(La) Nina Siciliana was the composer of one Italian sonnet, and a candidate to be the first Italian woman poet. She only came to light in 1780, along with 74 other poets, in the Étrennes du Parnasse (or Choix de Poësies).[1] She is now considered legendary by most scholars.[2]
Adolfo Borgognoni first proposed that Nina was a fictional construct of male poets in 1891 and was soon followed by Giulio Bertoni.[3] Specifically Borgognoni thought she was invented by the successors of printer Filippo Giunti: essa [Nina] nacque in Firenze, nella officina degli Eredi di Filippo Giunti, l'anno del Signore 1527 ("this one [Nina] was born in Florence, in the office of the heirs of Filippo Giunti, the year of the Lord 1527").[4] The historicity of Nina - and tangentially the sex of the author of the poem traditionally assigned to her - has been debated ever since.[5] Liborio Azzolina tried to resuscitate her and also Compiuta Donzella, whom Borgognoni, with less supporters, also ascribed to later male poets' imaginations.[6] More recently the Italian scholar Lino Pertile has called her fantomatica (phantomlike) and Paolo Cherchi dismissed her as "mythical", to be followed by Anne Klinck.[7]

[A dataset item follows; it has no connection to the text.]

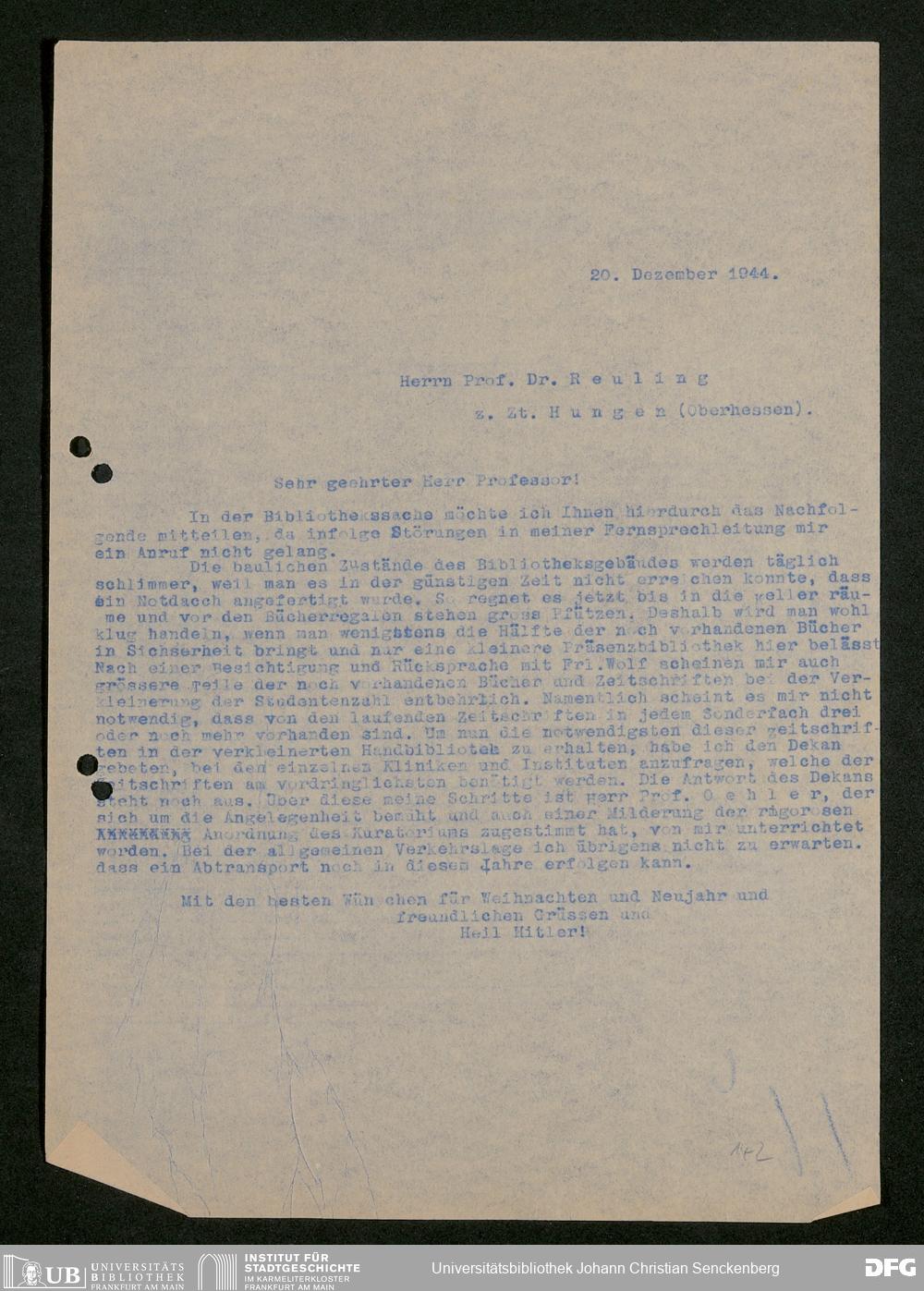 V48 Dr. Senckenbergische Stiftung, 793 - Bibliothek in der Nachkriegszeit
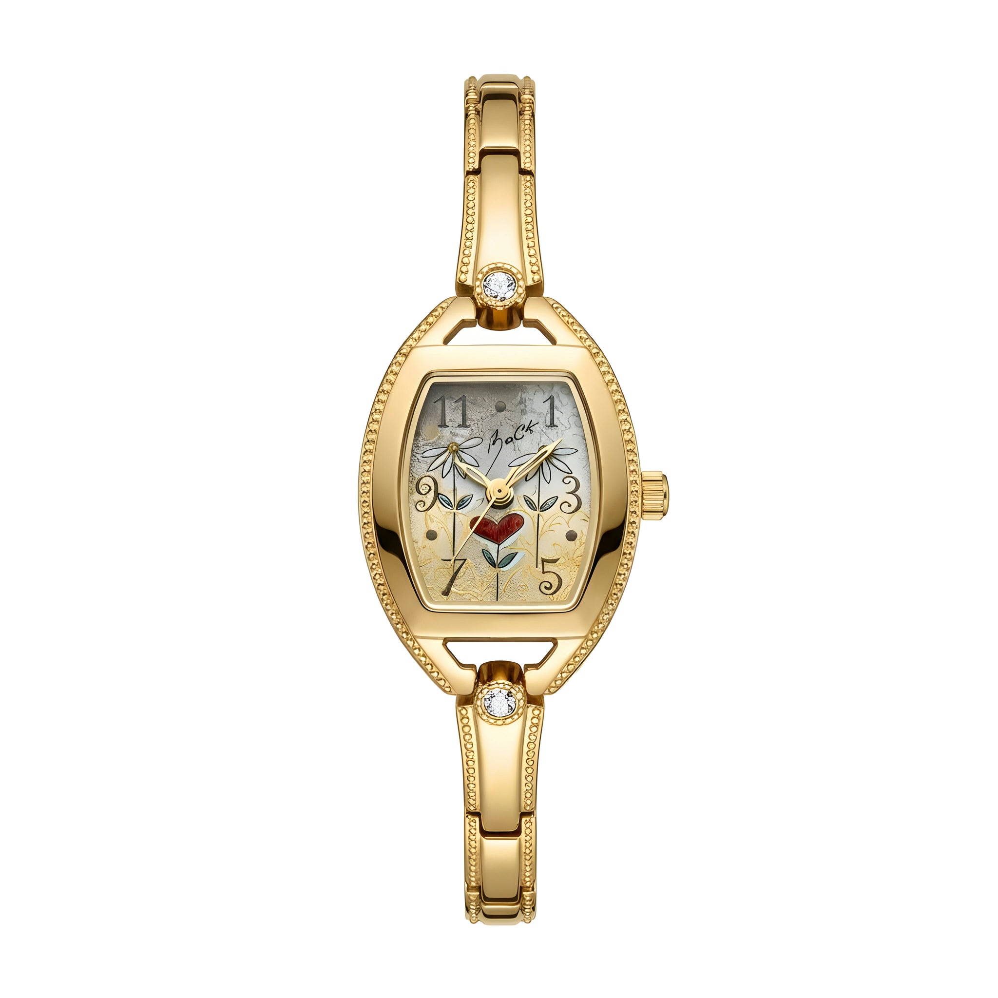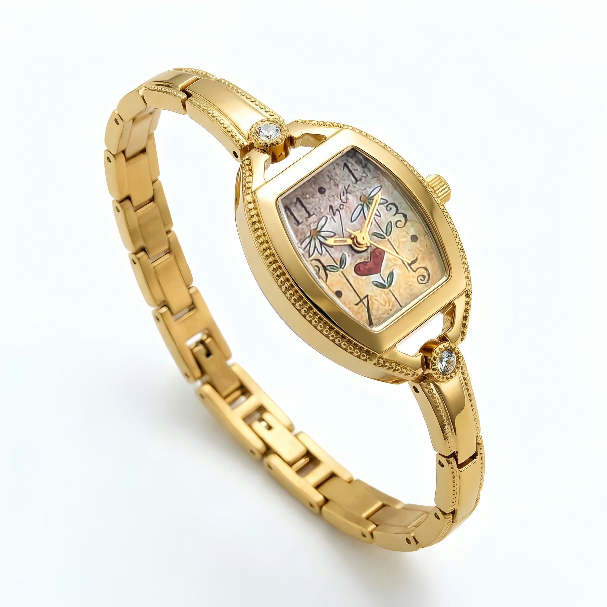 Élégante montre rétro munie d'un cadran émaillé peint à la main et cuit à haute température, présentant deux marguerites délicates et un cœur touchant. Le bracelet en acier inoxydable fini doré 18 carats, enrichi de deux zircons scintillants, apporte une touche de luxe discret. Les mailles réglables assurent un ajustement parfait pour un port quotidien sans compromis sur le style.

Francesco Trucchi was the first to assign a poem to Nina: the sonnet Tapina in me, c'amava uno sparvero ("Alas for me, I loved a sparrowhawk"), probably composed in the late thirteenth or early fourteenth century.[8] Nina was apparently inspired to write by the poems Dante da Maiano addressed "To his Lady Nina, of Sicily".[9] Francesco de Sanctis, the foremost Italian literary critic of his day, praised la perfetta semplicità of Nina and Compiuta.[4] One recent scholar who accepts Nina's existence and derides doubters has noted similarities between Nina and Alamanda de Castelnau.[10]